• [The problem] Nothing should appear in the answer except the lines below from the line containing "This single pendant" through the line containing "由圖中可以得出結(jié)論", copied exactly, with pictures left out.
======== Dataset extract ========
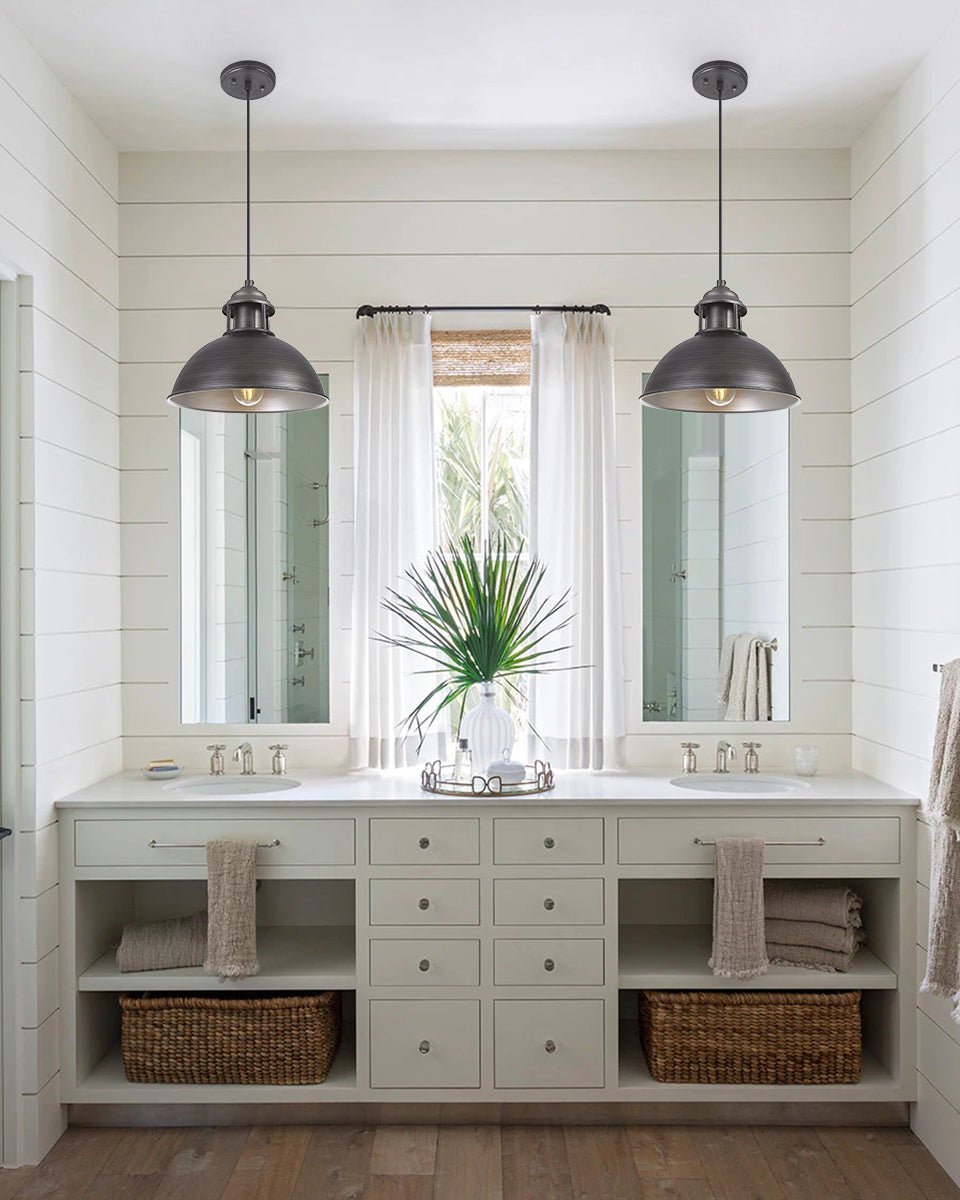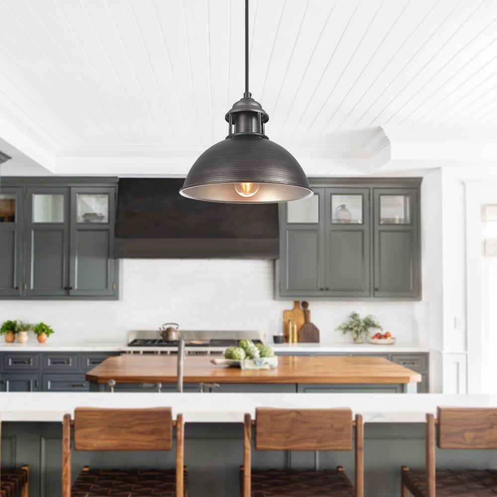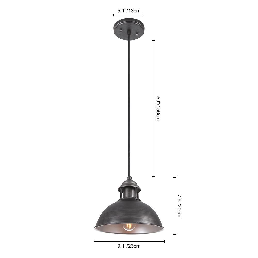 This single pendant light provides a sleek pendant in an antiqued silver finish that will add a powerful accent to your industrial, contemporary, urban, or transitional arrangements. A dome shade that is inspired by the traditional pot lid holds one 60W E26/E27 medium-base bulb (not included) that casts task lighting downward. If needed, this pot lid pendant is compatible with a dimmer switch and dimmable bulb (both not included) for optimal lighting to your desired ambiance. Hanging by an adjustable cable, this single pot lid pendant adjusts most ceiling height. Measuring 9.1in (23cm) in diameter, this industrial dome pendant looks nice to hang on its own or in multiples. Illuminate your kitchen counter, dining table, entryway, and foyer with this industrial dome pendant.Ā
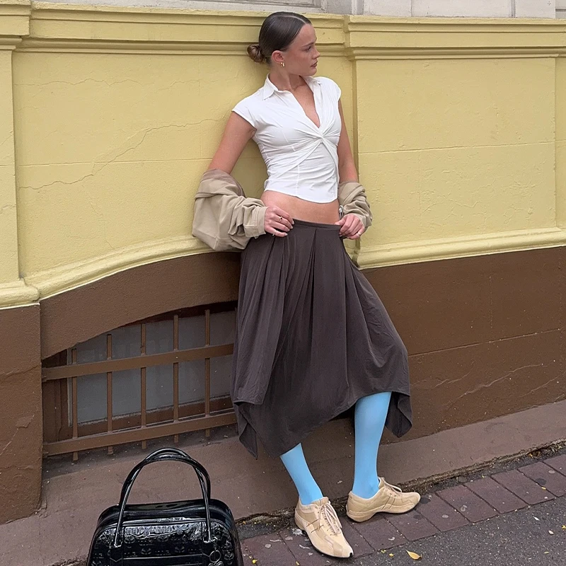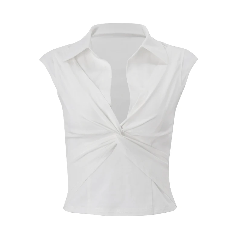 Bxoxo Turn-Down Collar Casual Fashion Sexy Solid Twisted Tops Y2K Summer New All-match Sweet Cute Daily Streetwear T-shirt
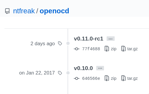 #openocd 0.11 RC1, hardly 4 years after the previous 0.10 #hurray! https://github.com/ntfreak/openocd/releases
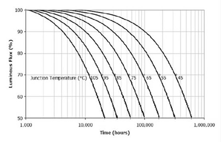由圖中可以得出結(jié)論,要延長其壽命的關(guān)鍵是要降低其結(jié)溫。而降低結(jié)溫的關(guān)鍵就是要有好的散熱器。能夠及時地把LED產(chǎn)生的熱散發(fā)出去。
========
======== Dataset extract ========
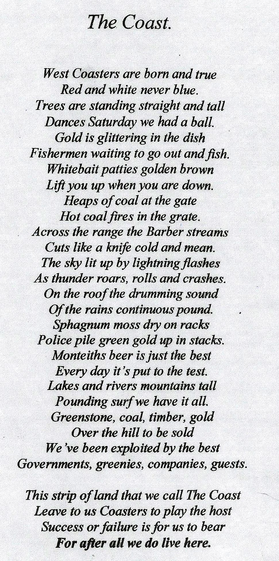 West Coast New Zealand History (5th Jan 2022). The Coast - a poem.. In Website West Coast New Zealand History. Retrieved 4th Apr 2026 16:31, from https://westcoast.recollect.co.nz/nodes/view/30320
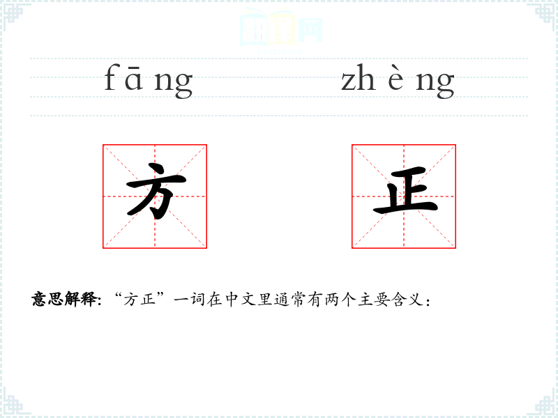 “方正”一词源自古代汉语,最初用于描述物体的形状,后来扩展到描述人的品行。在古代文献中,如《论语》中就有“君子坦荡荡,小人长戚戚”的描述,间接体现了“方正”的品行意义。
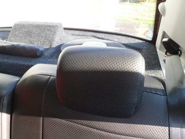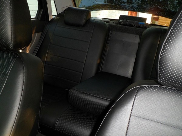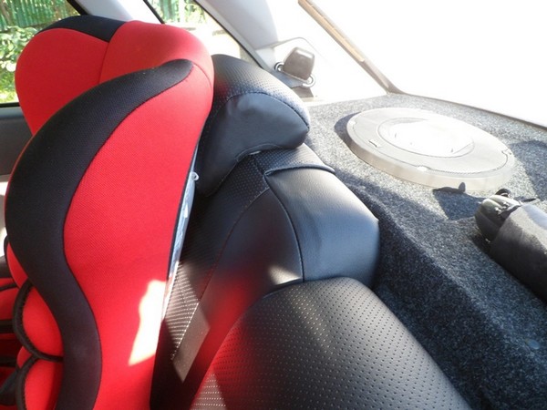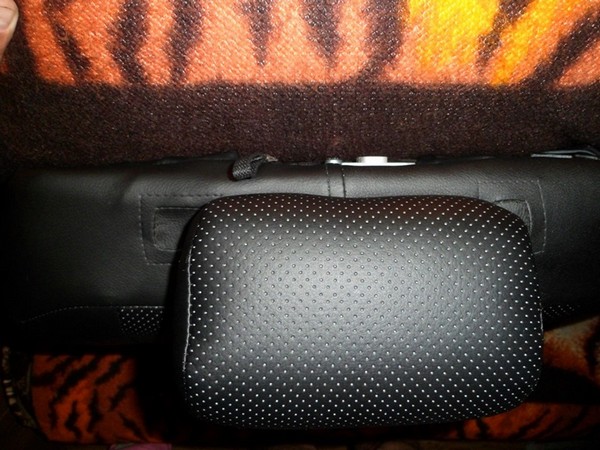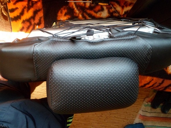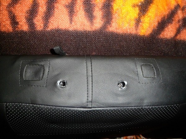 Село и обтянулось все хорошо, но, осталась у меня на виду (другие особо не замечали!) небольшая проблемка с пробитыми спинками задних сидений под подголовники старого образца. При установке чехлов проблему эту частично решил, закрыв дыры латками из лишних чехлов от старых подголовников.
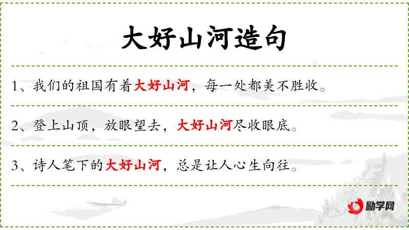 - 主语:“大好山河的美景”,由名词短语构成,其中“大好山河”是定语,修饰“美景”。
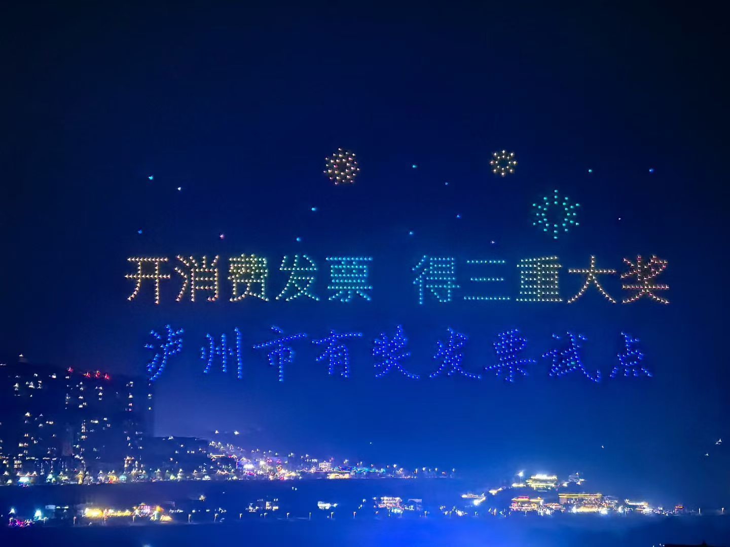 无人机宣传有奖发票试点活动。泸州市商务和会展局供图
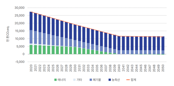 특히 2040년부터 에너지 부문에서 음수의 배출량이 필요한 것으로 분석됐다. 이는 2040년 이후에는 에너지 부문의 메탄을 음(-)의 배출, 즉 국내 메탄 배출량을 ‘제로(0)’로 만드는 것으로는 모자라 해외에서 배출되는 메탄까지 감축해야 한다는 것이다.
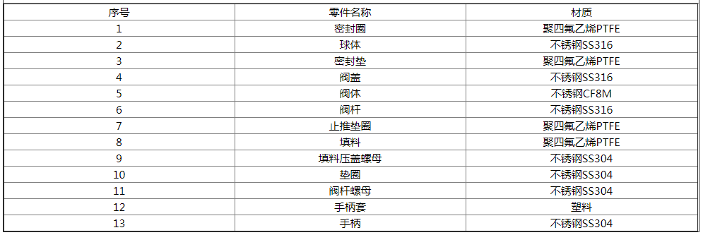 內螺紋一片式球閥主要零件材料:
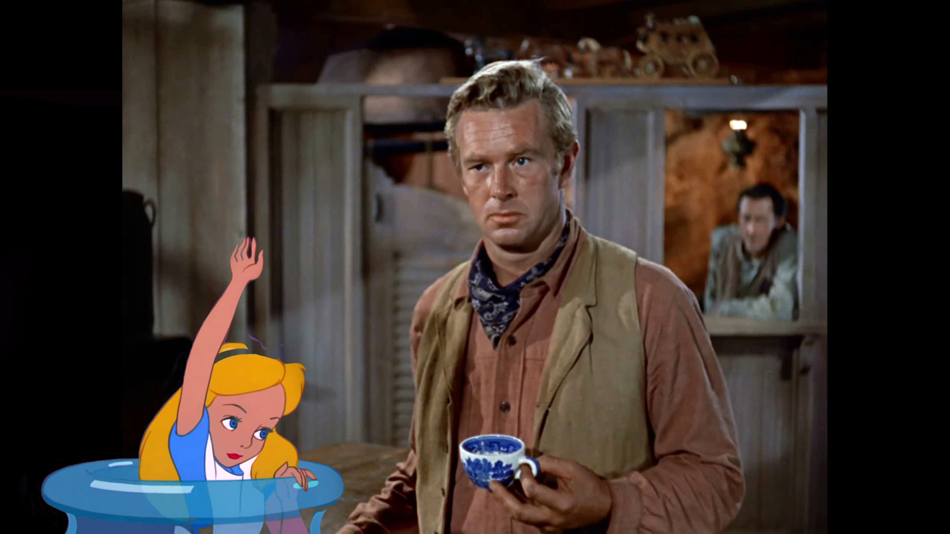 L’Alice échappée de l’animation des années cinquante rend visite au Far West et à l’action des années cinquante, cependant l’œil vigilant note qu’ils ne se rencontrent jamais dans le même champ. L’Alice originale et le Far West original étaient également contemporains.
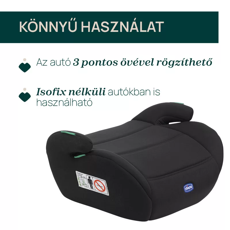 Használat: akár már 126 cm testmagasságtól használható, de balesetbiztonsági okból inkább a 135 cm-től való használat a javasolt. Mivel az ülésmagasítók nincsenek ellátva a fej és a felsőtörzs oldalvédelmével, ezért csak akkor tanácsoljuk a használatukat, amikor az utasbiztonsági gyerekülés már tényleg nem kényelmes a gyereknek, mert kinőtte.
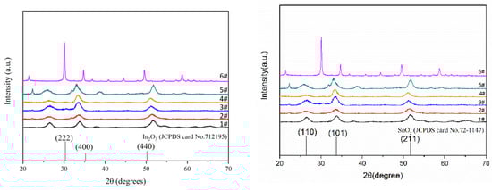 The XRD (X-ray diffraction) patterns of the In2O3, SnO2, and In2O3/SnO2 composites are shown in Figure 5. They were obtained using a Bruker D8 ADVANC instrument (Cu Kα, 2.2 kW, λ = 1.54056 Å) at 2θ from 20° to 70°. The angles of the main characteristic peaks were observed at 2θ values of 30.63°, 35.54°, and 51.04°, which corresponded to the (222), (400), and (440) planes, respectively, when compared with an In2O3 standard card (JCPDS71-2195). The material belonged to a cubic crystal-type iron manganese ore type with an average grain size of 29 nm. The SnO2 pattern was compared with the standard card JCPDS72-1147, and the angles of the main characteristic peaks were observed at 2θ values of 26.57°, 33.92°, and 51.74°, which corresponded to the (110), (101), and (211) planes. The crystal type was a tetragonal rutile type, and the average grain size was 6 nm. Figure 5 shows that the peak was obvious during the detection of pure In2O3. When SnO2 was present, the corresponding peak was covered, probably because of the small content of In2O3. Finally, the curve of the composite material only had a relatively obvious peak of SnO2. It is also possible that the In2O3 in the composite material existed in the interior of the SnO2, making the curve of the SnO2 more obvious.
========
• [Finished task]
 This single pendant light provides a sleek pendant in an antiqued silver finish that will add a powerful accent to your industrial, contemporary, urban, or transitional arrangements. A dome shade that is inspired by the traditional pot lid holds one 60W E26/E27 medium-base bulb (not included) that casts task lighting downward. If needed, this pot lid pendant is compatible with a dimmer switch and dimmable bulb (both not included) for optimal lighting to your desired ambiance. Hanging by an adjustable cable, this single pot lid pendant adjusts most ceiling height. Measuring 9.1in (23cm) in diameter, this industrial dome pendant looks nice to hang on its own or in multiples. Illuminate your kitchen counter, dining table, entryway, and foyer with this industrial dome pendant.Ā
 Bxoxo Turn-Down Collar Casual Fashion Sexy Solid Twisted Tops Y2K Summer New All-match Sweet Cute Daily Streetwear T-shirt
 #openocd 0.11 RC1, hardly 4 years after the previous 0.10 #hurray! https://github.com/ntfreak/openocd/releases
由圖中可以得出結(jié)論,要延長其壽命的關(guān)鍵是要降低其結(jié)溫。而降低結(jié)溫的關(guān)鍵就是要有好的散熱器。能夠及時地把LED產(chǎn)生的熱散發(fā)出去。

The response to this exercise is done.